Hackers Commit Biggest Hack in History
Massive Cyber Breach Linked to Chinese Hackers
An unidentified group of dark web threat actors has yet to be discovered after breaching a Shanghai police database – Stealing data on over a billion Chinese residents. Cyber security giants are calling this China’s largest cybersecurity breach of all time.
It all started with an anonymous post on an online cyber crime forum, in the first week of July. In this post, the hacking group offered more than 23 terabytes of stolen data for sale. Data that would be discovered to be from the Chinese criminal justice database; with addresses, names, birthplaces, government IDs, criminal information, and phone numbers are just a few among the endless pools of data. The price tag on this heist? Only ten Bitcoins. Roughly US$200,000.
The sheer magnitude of this leak has left a lasting impression of humility on the justice system of China, sending waves of speculation, not only concerning the claimant’s credibility but how the breach on a maximum security establishment even occurred in the first place.
China Identified as Hackers’ Haven
Founder and CEO of cryptocurrency exchange Binance, Zhao Changpeng, announced in a Twitter post that the company discovered a breach of approximately one billion resident records from “a particular Asian country”. While they did not specify which, they have since increased verification procedures for potentially affected users.
Over the last few decades, several countries, including the United States, have identified China as a lucrative hub for cyber criminals. These criminals often side with their government and infiltrate other government systems in hopes of finding intellectual, or valuable property.
However, domestic violations like these are completely different – they’re rarely disclosed due to the heavy ‘cover-up’ culture in China, causing a lack of transparency. Only two such cases have occurred in China and they are years apart.

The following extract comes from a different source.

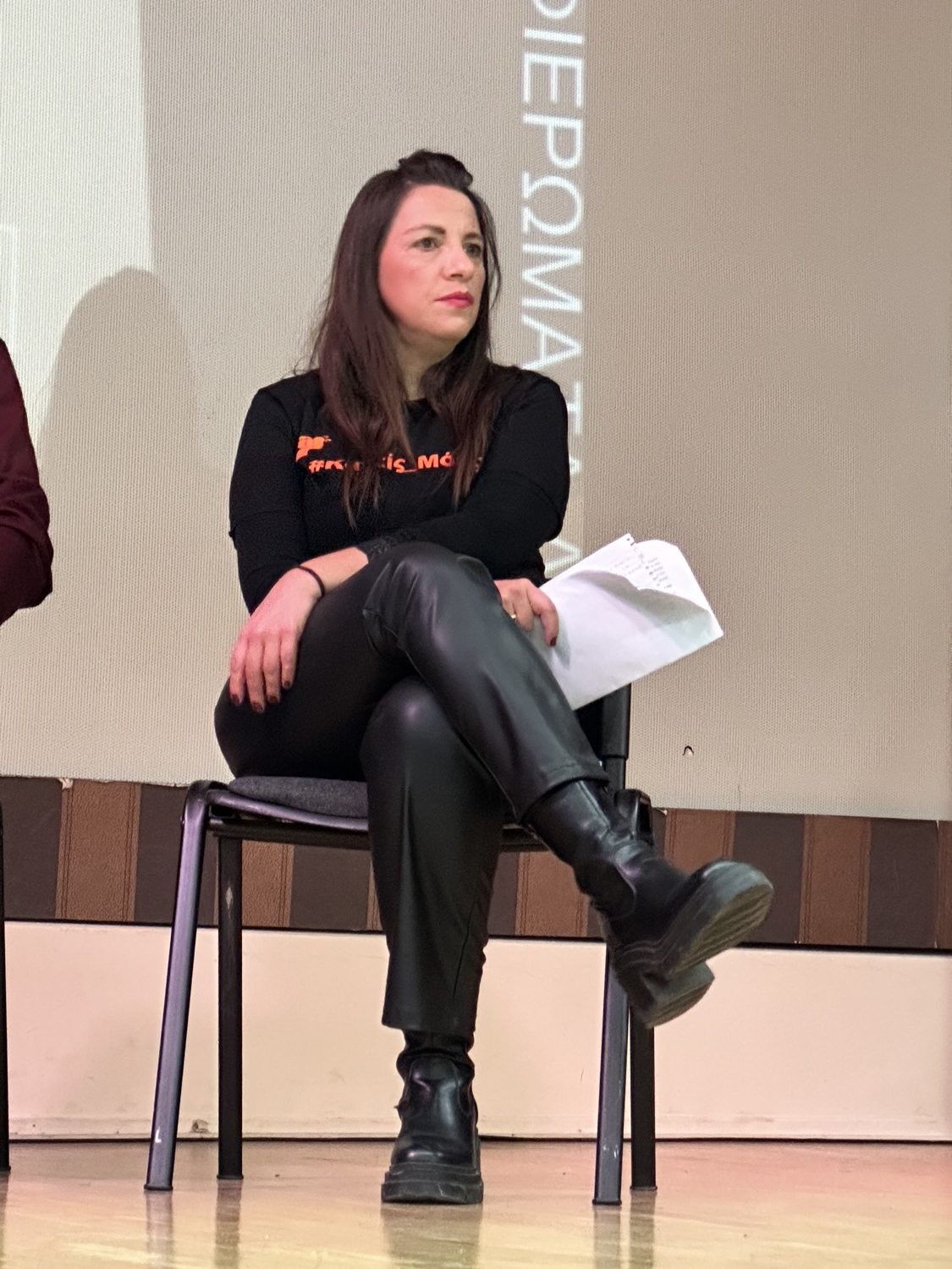Τη συζήτηση συντόνισε και παρουσίασε η Γεωργία Σβάρνα, Αντιπρόεδρος του Δικτύου «Κανείς_Μόνος», ανοίγοντας έναν ζωντανό διάλογο με το κοινό και δίνοντας τον τόνο της βραδιάς με τη φράση-σύνθημα : μηδενική ανοχή στη βία – καμία γυναίκα στη σιωπή.

Hackers Exposed China’s Dirty Secret
In 2016, sensitive information on dozens of Communist Party officials, including Wang Jianlin and Jack Ma was leaked on Twitter. In 2020, Twitter-esque service, Weibo Corp. announced that hackers stole account information from nearly 600 million users.
More recently, was the exposure of China’s remote Xinjiang region, which leaked new evidence on what was originally considered ” fictitious” by the Chinese government; the malicious abuse of mostly Muslim ethnic Uyghurs.
This incident alone may very well be proof that China has a cyber storm brewing, as Beijing struggles to collect data on hundreds of millions of people while tightening controls on sensitive online content. As of now, personal information disclosure officially warrants jail time under Chinese law.